"Don't speak of it, I beg; it is so very little, I only wish there was really something I could do to prove my willingness to serve you," he said.

They were standing alone by the window looking into the street, and as Jack said this there came a troubled look on Bessie's face, find after waiting a moment, she said: "There is something you can do, if you will: something which will please me very much, and prove you the good man I believe you to be."

"Command me, and it is done," Jack said; and Bessie continued: "If you ever meet mother again at Monte Carlo, or anywhere, don't play with her for money; promise me this."

"I promise," Jack answered, unhesitatingly; and, emboldened by his promptness, Bessie went on: "And, oh, Mr. Trevellian, if you would never again play with any one for money, even the smallest sum. It is gambling just the same; it is wicked; it leads to so much that is bad. It was my grandfather's ruin, and he knew it and repented bitterly, for it left his son nothing but poverty, and that is why we are so poor, father and I; gambling did it all."

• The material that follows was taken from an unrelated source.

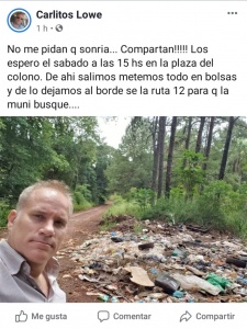“Ya está. Ya ganaron las elecciones. Ahora a hacer algo con esto. Esa foto saqué hoy (en referencia al domingo) paseando por los caminos turísticos de Eldorado. ¿Qué hacemos? ¿Alguien me ayuda a juntar? Los espero el próximo sábado por la tarde. Traer pala y bolsas de consorcio”, reza la publicación de Lowe en la que llama a los vecinos a sumarse el sábado a las 15 en la Plaza del Colono del kilómetro 6.

There were tears in Bessie's eyes, and they went straight to Jack's heart. He was not an inveterate gambler, though he had lost and won large sums at Monte Carlo and Baden Baden, when the tables were open there, and, like most Englishmen, he never played whist that something was not staked; it gave zest to the game, which to him would be very insipid without it: but Bessie's eyes could have made him face the cannon's mouth, if need be, and he said to her at once: "I promise that, too. I will never play again for money with anyone, but for my reward you must let me visit you at Stoneleigh sometime."

"Oh, yes, you may," she answered, "but I warn you it is a poor place to come to, with only old Anthony and Dorothy to do anything. I have to work, and you may have to work, too, and do other things than mending father's coat."

She spoke playfully, and Jack declared his readiness to sift cinders, or scour knives, or do anything, if she would let him come. Just then Neil arrived, not altogether pleased to find Jack there before him, standing close to Bessie, who was looking very happy. The two young men went with her to the station, where they vied with each other in showing her attention. Jack held her traveling-bag, and her parasol and fan, and band-box containing the white chip hat, and Neil held her shawl, and umbrella, and paper bag of biscuits and seed cakes which Mrs. Buncher had given her to eat upon the road, and when at last she was gone, and they walked out of the station into the noisy street, each felt that the brightness of the summer day had changed, and that something inexpressibly sweet had been taken from them.